JAMES BROUGHTON • 71 PARK DRIVE • SAN ANSELMO • CALIFORNIA 94960 • (415) 456-6388
Labor Day eve: 2 Sept 74
It is always so grand to hear from you, & to have your loving salutations. I wish I could spend a day with you, a whole day, every month of the year. Tomorrow I return to the grooves of academe, without much enthuse. I find it harder all the time to rehearse the whole history of the art again & again. I am a maker really, not a teacher. And here is the classroom
once more, when I have not succeeded in completing my film project, my Testament, in the swiftly passing summer. I can only hope to shape it in the odd hours of this month in time maybe to send to Ledoux. And it really is a testament, a finality, a farewell; I feel I have nothing more to say (that I can manage in cinema terms) in the medium of film. The frustrations have been overwhelming.

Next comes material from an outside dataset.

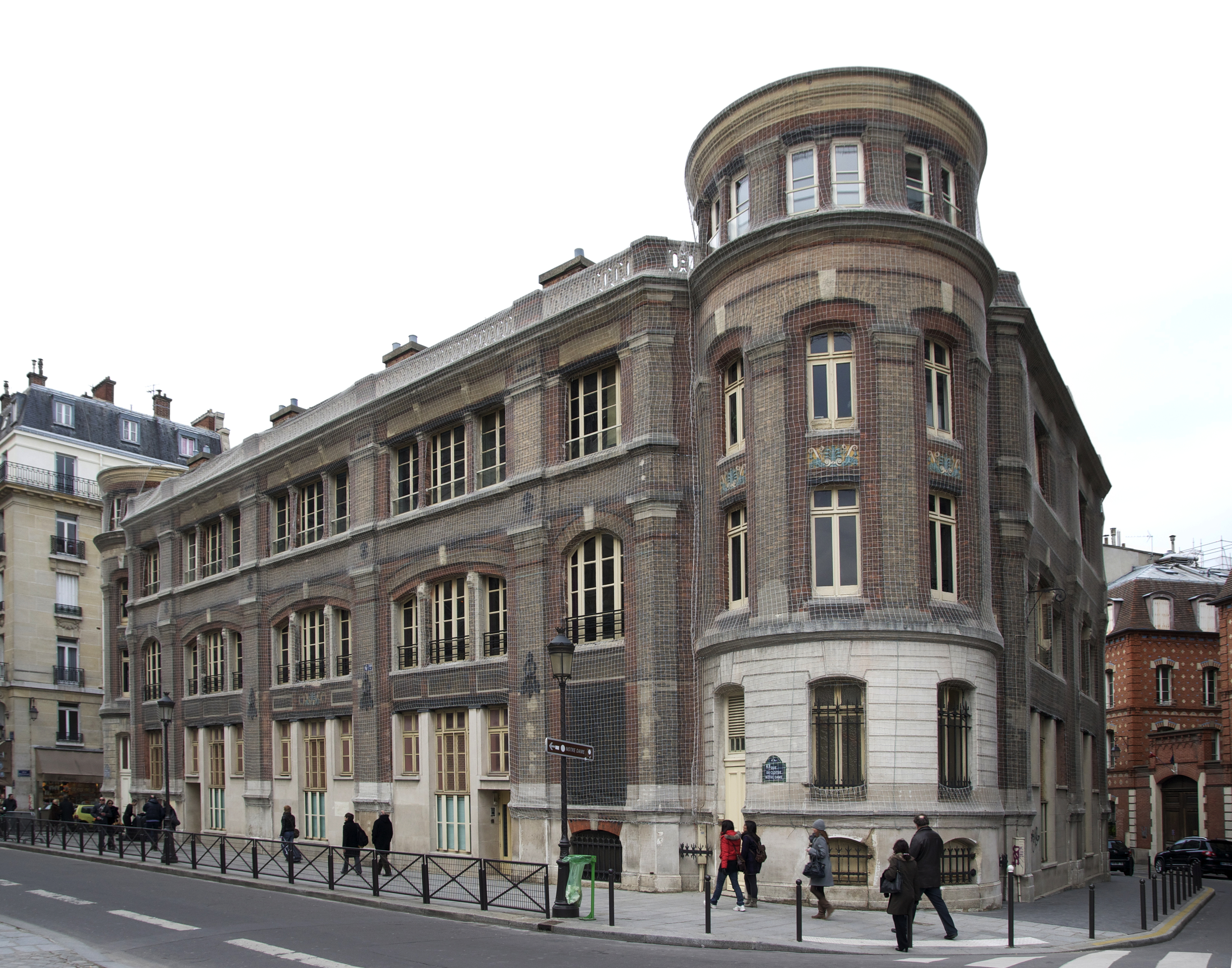 A whole building under a safety net

Then there was a month that John Schofill was here with me making me into a film: what he says he is calling Portrait of the Poet as James Broughton. This was challenging, exhilarating, painful, and gratifying. I think it will be a work remarkable when he puts it together; he was able to capture me as poet in a way that I could not do in my own film. But it is, of course, his vision of me, his document; and like all his films it will be amazing' to look at. John is difficult, mathematical, relentless, abstract. But we have been through much together, and I am very touched by his submerged feeling.
Sally, I don't know what to do about the PFMA and Bob Haller's letter. I don't want to tour next spring. I don't want to teach. I want to write. That is what my soul yearns for; not filming, at this time. But I am in a bind. How can I take a semester off and still earn $1000 a month to keep my home & family?
For 6 months? Is there any grant you know of (NEA maybe?) for my writing my memoirs/confessions/history of my times and all of us being geniuses together?
Sally, you said you wanted to buy THIS IS IT when you had the funds. Did I tell you that a print for purchase is only $150?
A documentary of Sally Dixon is the best subject I can think of for a Pittsburgh project.